В результате этого он украл общественные деньги, семьдесят копеек, купил арбуз и, забравшись в самый дальний угол двора, там прикончил его один, как и было задумано.
Это было легкомысленно, глупо и, главное, сейчас же обнаружилось: Саня Тузиков наткнулся на него, когда он пожирал последние куски и выгладывал до белого мяса корки. Щеки у него были все красные от арбузного сока. Он так и застыл в тот момент, когда вгрызся в круглое донышко арбуза, держа его обеими руками.
Отряд в своей основе был настолько крепок и не заражен кумовством, что этот поступок в тот же момент был отдан на суд общественности.
В кустах было несколько экстренных заседаний, при чем даже малолетние, - которые пострадали всего, может быть, на какую-нибудь копейку, - принимали самое активное участие в обсуждении факта позорного разложения одного из старейших членов отряда.

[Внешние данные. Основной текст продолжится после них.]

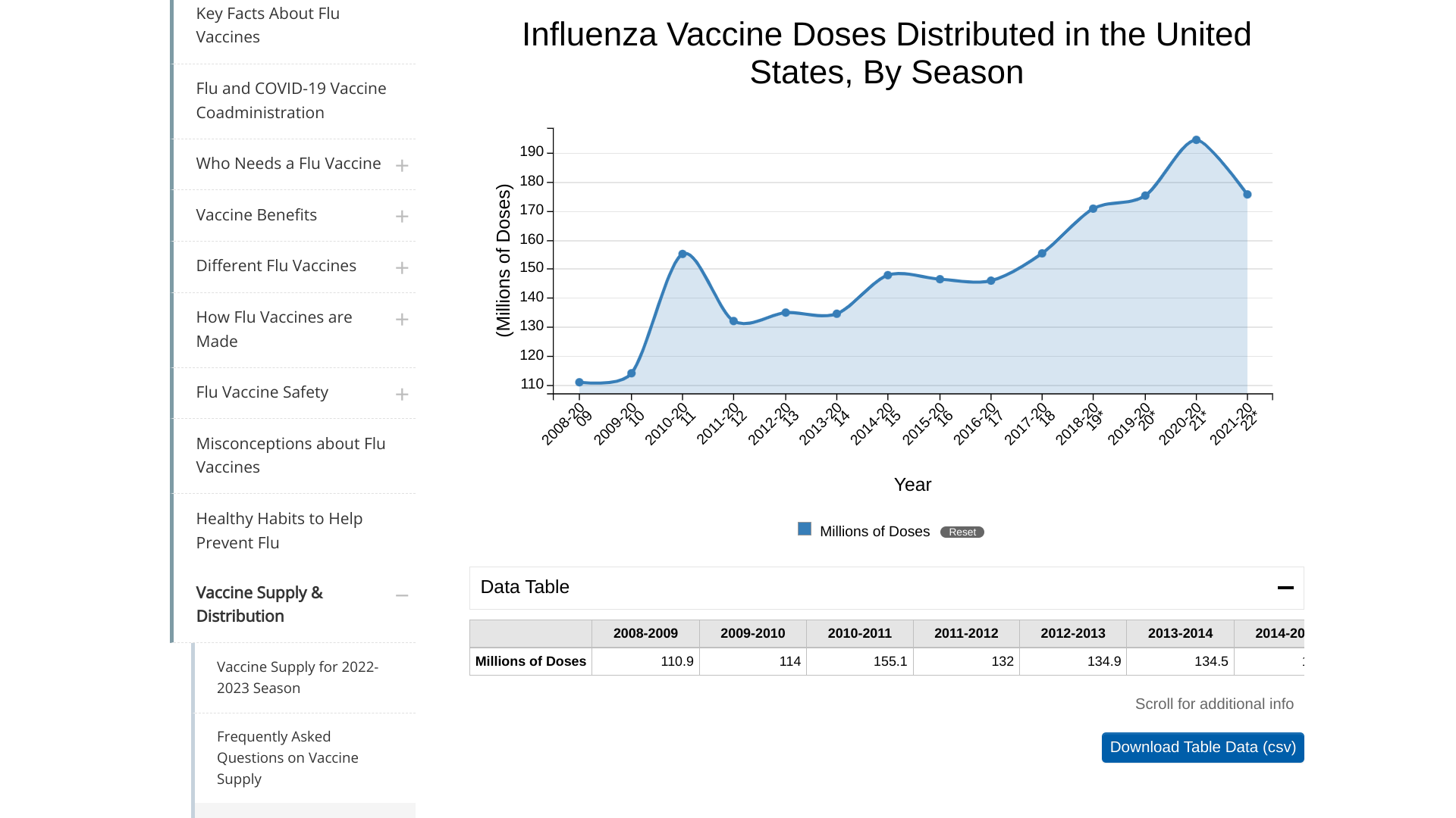During the current flu season, the Centers for Disease Control and Prevention (CDC) reported as of March 4, 2023, about 173.37 million influenza vaccines had been distributed in the U.S.

На мгновение пошатнулась у всех вера: кому же можно доверять? кому поручить кассу отряда? Массы еще были слабы по своему малолетству и считать в большинстве случаев могли только до десяти.
Печонкин сам, кажется, был убит своим провалом больше всех. Никто еще не видел его в таком униженном состоянии, когда он клялся и божился (его остановили, указав на нецелесообразность приема), клялся, что это первый и последний раз. Он обещал немедленно покрыть растраченные суммы. Когда у него спросили, из каких это он источников покроет, Печонкин замялся и сказал, что украдет у матери. Все были озадачены. Получился заколдованный круг: один раз украл, а теперь для исправления своего греха будет второй раз красть, хотя и у матери, т. е. у чуждого элемента. Этот вопрос дебатировали на нескольких заседаниях и всё-таки не могли прийти ни к какому определенному заключению.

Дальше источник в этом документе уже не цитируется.